Clinical Decision Support

Checklist
  • Confirm hair loss type (alopecia areata, androgenetic, etc.)
  • Document onset, duration, family history, associated symptoms
  • Review medications list for potential drug-induced causes
  • Check thyroid function, iron levels, and vitamin D levels
  • Consider scalp biopsy if diagnosis uncertain ICD10 L60-L75

Reimbursement and Quality Metrics

Impact Summary
  • Hair Loss reimbursement hinges on accurate ICD-10-CM coding (L65.8, L65.9, A4A.0-A4A.9) and proper documentation for maximum payment.
  • Misdiagnosis or incorrect coding can lead to claim denials, impacting revenue cycle management and hospital revenue.
  • Quality metrics for Hair Loss treatment efficacy (e.g., hair regrowth, patient satisfaction) affect hospital rankings and value-based care reimbursement.
  • Proper coding supports data analysis for population health management, identifying trends and improving Hair Loss treatment outcomes.

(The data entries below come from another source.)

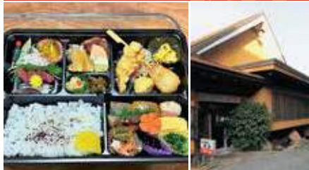
1.お弁当は予算におうじて 2.店舗外観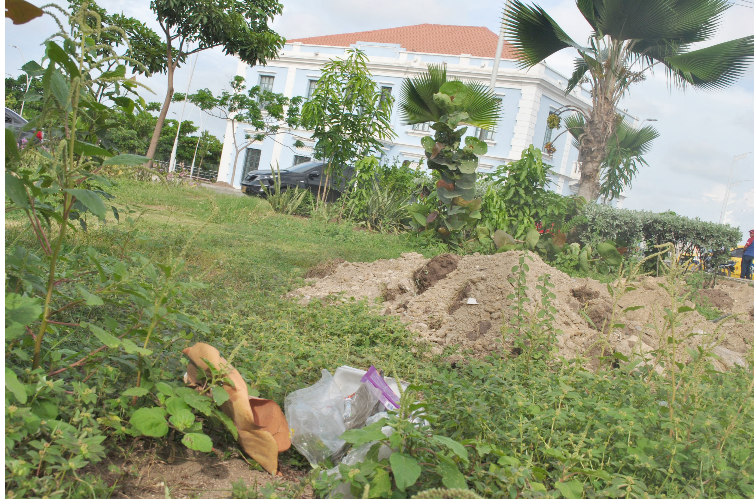
Figura 3. Lugares patrimoniales envueltos en el manejo inadecuado de los residuos

toneladas de basura, de las cuales el 96.8 % fueron a parar a los rellenos sanitarios (El Colombiano, 2017). Una situación alarmante debido a las graves problemática en materia de contaminación y cambio climático que enfrenta el planeta, además de no olvidar que el crecimiento poblacional es cada vez mayor y en unos pocos años ese depósito de desechos quedará pequeño ante la magnitud de los residuos generados a pesar que las políticas del país apunten a encontrar nuevos lugares para la disposición de estos, es más objetivo pensar en nuevas alternativas, amigables con el medio ambiente desde la arquitectura y que incorporen la utilización de los residuos en la cotidianidad, con el fin de presentar proyectos e ideas que puedan ser fáciles de replicar y de esta manera hablar de una verdadera sostenibilidad. Es por ello, que se hace un llamado al conocimiento, concepción, conceptualización, planeación, diseño y materialización de proyectos sostenibles, de principio a fin. Que generen cero emisiones y un impacto +1. Sí, es cierto que en la actualidad es común hablar de sostenibilidad en la cotidianidad de las diversas actividades; todas les apuntan a este concepto a raíz de la alarmante condición que está padeciendo el planeta, pero las medidas tomadas para combatir este son mínimas y dejan por fuera aspectos importantes y de gran impacto. Hay que permitir a los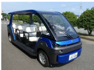
実験使用車両（電磁誘導線に沿って自動走行）

※会議は非公開とします。 ただし、報道機関に限り会議冒頭の挨拶までカメラ撮り可能です。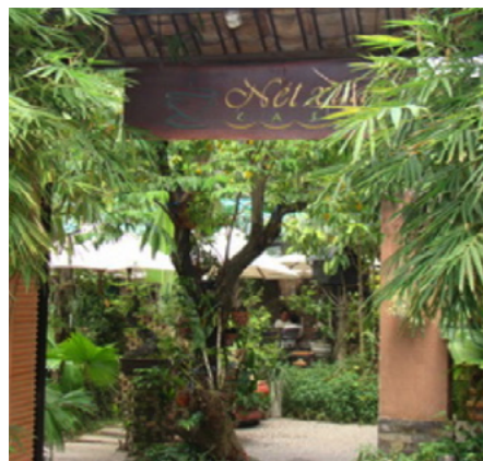
Cafe Nét Xưa - Q. Tân Phú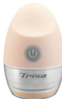
POWDER PUFF PERFECT MAKE-UP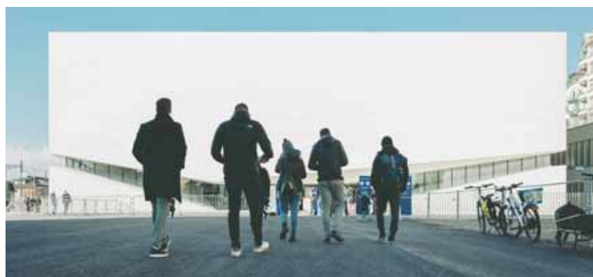
Deux journées portes ouvertes ont eu lieu en novembre dernier.

Informations pratiques: Samedi 18 juin de 10h à 1h Dimanche 19 juin de 10h à 20h Plateforme 10 Place de la Gare 17 → www.plateforme10.ch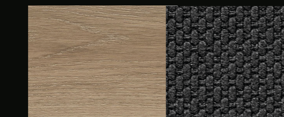
ISOCORE CLICK BACKSIDE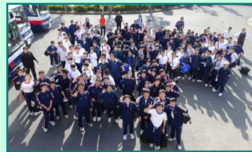
疲れも見せず最後は本校玄関にて笑顔全開

本校の中学2、3年生は学園中学の1年生をかわいいうちの先輩として仲良く話しかけ、すぐに打ち解けた様子が見られた。同じ学園での今回初めての合同校外学習、両校生徒が楽しく交流をもつことができ、本当に有意義なものになった。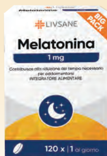
LIVSANE MELATONINA Contribuisce alla riduzione del tempo necessario per addormentarsi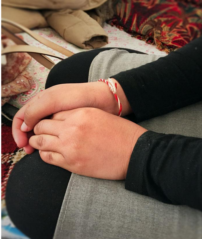
نور، ۱۶ سالان، دەئیت: چە کدارانی داعش لە ماو ی دوومانگی دیلی دا چەندین جار دەستدریژیان کردە سەرم، دووچاری حالەتی دەروونی بووم و چارەسەری بووم...

بەو ی لەکوی دەیانەوی بژین لە ولاتی خۆیاندا. دەبیت هێزە ئەمنیەکانی حکومەتی هەریمی کوردستان پاپەند بن بەفەرمانی سەرۆکایەتی و کۆتایی بەیپن بە سەپاندنی رێشوێنی تووند لەسەر ئەو هاوولاتیانە ی لە ناوچەکانی ژێر کۆنترۆلی داعش هەلھاتوون".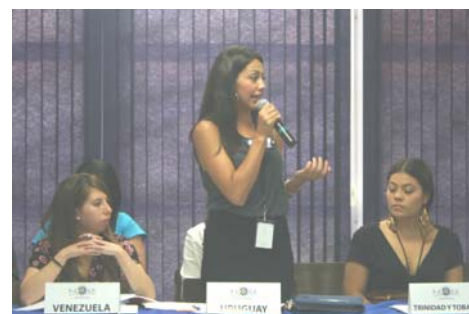
Intervención de la representante de Uruguay en la quinta comisión.

Las aprobaciones continuaron durante el resto del día. Se aceptaron las resoluciones de Argentina, Estados Unidos, Jamaica, Guatemala, Venezuela, Panamá, Barbados y Trinidad y Tobago, siendo 11 en total. La sesión de ayer no tuvo los obstáculos que estuvieron presentes el pasado miércoles. Por ello, la Delegación de Colombia expresó: “El conocimiento de debate se ha asimilado mejor; además, la REC ha realizado una excelente revisión de fondo de cada resolución, factor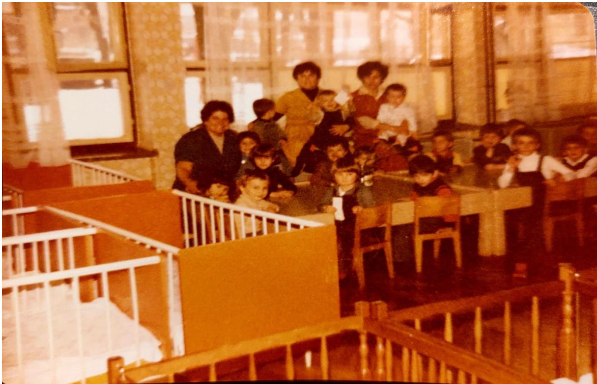
Slika 13. Novi drveni krevetići za djecu jasličke dobi

U tom periodu šest odgojno-obrazovnih skupina su više nego prekapacitirane. U njih je smješteno čak 170 djece. Tadašnji upravitelj, nastavnik razredne nastave, gosp. Čurilović Anton, 1978. godine predaje projektnu dokumentaciju za izgradnju novog objekta. Sljedeće godine počinju radovi koji se kreću vrlo sporo. Također, dolazi do epidemije žutice s kojom su se uspeli dosta dobro nositi. Nakon skoro tri godine izgradnje, 1981. godine otvara se novi moderni montažni objekt za još pet odgojno-obrazovnih skupina. Zapošljava se 17 novih djelatnika. Broj odgojno-obrazovnih skupina je 12, od koji su čak četiri skupine čiste predškolske. Svi su bili radosni zbog broja djece i da su svi kapaciteti popunjeni. Otvaranje novog objekta daje zamah u stručnom radu. Novi mladi odgojitelji pristupaju novom načinu planiranja, pripremanja i vođenja pedagoške dokumentacije. Po prvi puta se roditelje počinje gledati kao partnere, a ne samo pasivne promatrače. Organiziraju se zajedničke radne akcije. Zaposlenici i roditelji zajedno uređuju vanjski okoliš novog, ali i starog objekta.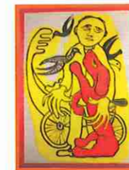
MUSEO COLLEZIONE INCISIONI E LITOGRAFIE DONAZIONE VITO MERLINI

Dove: Palazzo Pretorio Piazza del Popolo n. 5, Peccioli (Pi) Tel. +39 0587 672877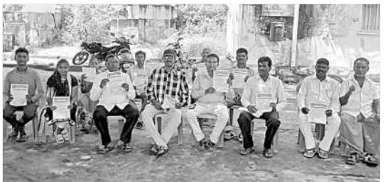
తాండూర్లో పోస్టాఫీస్ వద్ద సమ్మెలో పాల్గొన్న ఉద్యోగులు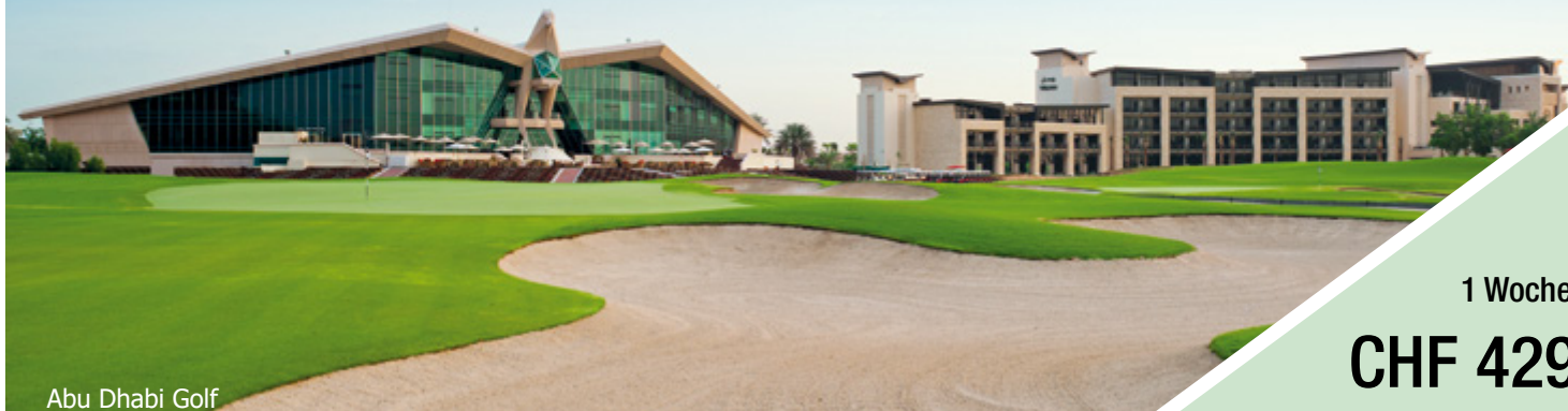
Abu Dhabi Golf

NEUJAHRSGOLFWOCHEN 27. DEZ 2022 – 03. JAN 2023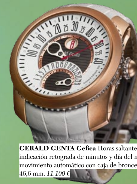
GERALD GENTA Gefica Horas saltantes e indicación retrograda de minutos y día del mes, movimiento automático con caja de bronce de 46,6 mm. 11.100 €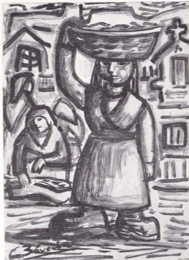
PEIXEIRAS DA MIÑA TERRA (Ilustración del pintor padronés Carlos Bóveda)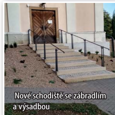
Nové schodiště se zábradlím a výsadbou

Obecní zaměstnanci provedli opravu západního schodiště do kostela. Jako materiál byly použity schodnice vyřezané z mrákotínské žuly. Opravy byly prováděny díky dotaci od Jihomoravského kraje.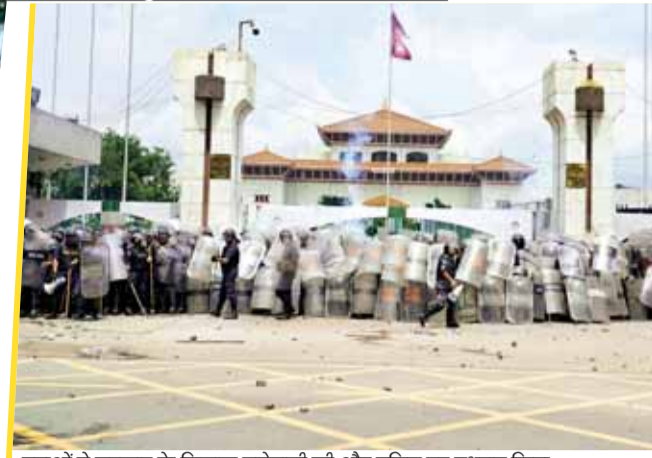
युवाओं ने सरकार के खिलाफ नारेबाजी की और पुलिस पर पथराव किया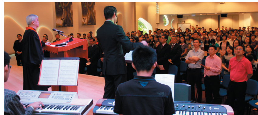
300多人出席了福康宁聚会的献堂典礼。

乌节路聚会自7月4日起逢主日举行区会展览，让来自不同区会的弟兄姐妹轮流在个别主日作宣传展出，希望会友能透过区会过去的活动录像、照片的展示，产生兴趣参加。举行至8月1日的区会展览，共有20余人填写参加表格，表示有意参加区会。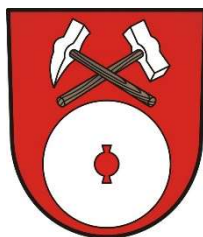
Obrázek 2 Znak obce Choltice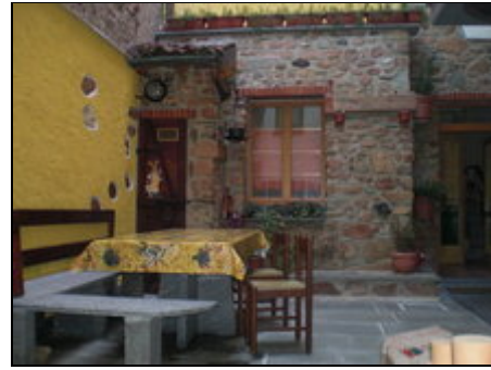
Innenhof mit Eingang vom La Bella

Brusimpiano ist ein kleiner Ort mit 1.000 Einwohnern. Er befindet sich 5 km hinter der Grenze Ponte Tresa, Schweiz/Italien. Es gibt dort versch. Bars und Restaurants, eine Eisdiele und einen kleinen Supermarkt für das Nötigste. In den nahe gelegenen Orten Ponte Tresa und Porto Ceresio gibt es große Supermärkte, viele Restaurants und Pizzerien direkt am See. Die Gegend um Brusimpiano bietet für jeden Geschmack etwas: Berge, Seen, kleine Bergdörfer, große Städte.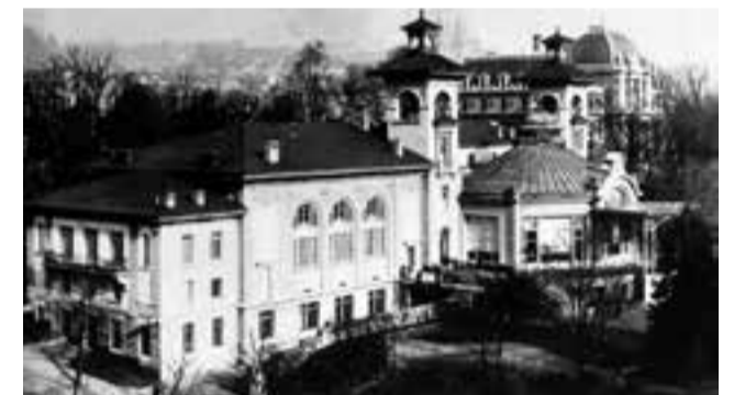
Le Casino de Montbenon, où s'installa le CIO à son arrivée à Lausanne en 1915.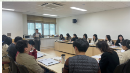
3월 12일 교과연구회 질문형성기법에 대한 교육나눔 활동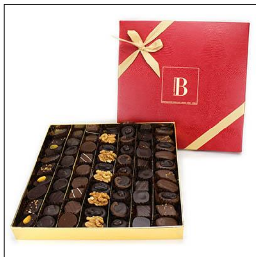
CARRÉ Taille 2 Poids : environ 600 g Prix : 84 €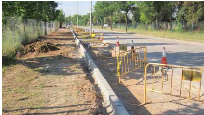
Reparació i millora de la vorera a l'av. Camí Reial amb Rda Boada Vell

Streamline Your Medical Coding

Let S10.AI help you select the most accurate ICD-10 codes. Our AI-powered assistant ensures compliance and reduces coding errors.

Quick Tips

Practical Coding Tips
  • Code primary hair loss diagnosis
  • Specify alopecia type, e.g., androgenetic
  • Document onset, duration, severity
  • Consider associated conditions, e.g., thyroid
  • Rule out drug-induced hair loss

Documentation Templates

Patient presents with concerns regarding hair loss, medically termed alopecia.  The patient reports experiencing thinning hair, noticeable shedding, or receding hairline.  Onset, duration, and progression of hair loss were documented.  Associated symptoms such as itching, scaling, pain, or changes in nail or skin texture were also queried and noted.  Family history of hair loss, including pattern baldness or androgenetic alopecia, was reviewed.  Current medications, including any over-the-counter drugs, supplements, and hormonal therapies, were documented.  Recent illnesses, stressors, dietary changes, and significant weight fluctuations were also considered.  Physical examination reveals scalp characteristics, including hair density, texture, and distribution pattern.  Evidence of inflammation, erythema, scaling, or scarring was assessed.  Hair pull test results were documented.  Differential diagnoses considered include androgenetic alopecia, telogen effluvium, alopecia areata, traction alopecia, and other forms of hair loss.  Assessment points towards a likely diagnosis of [Specific Diagnosis, e.g., Telogen Effluvium].  Plan includes further investigation with [Diagnostic tests if any, e.g., scalp biopsy, blood work for thyroid function, iron levels, etc.].  Patient education provided on potential causes of hair loss, management strategies, and treatment options including topical minoxidil, finasteride, or other relevant therapies.  Follow-up appointment scheduled to monitor progress and adjust treatment plan as necessary.  ICD-10 code [Appropriate ICD-10 code, e.g., L65.9 for Alopecia, unspecified] assigned.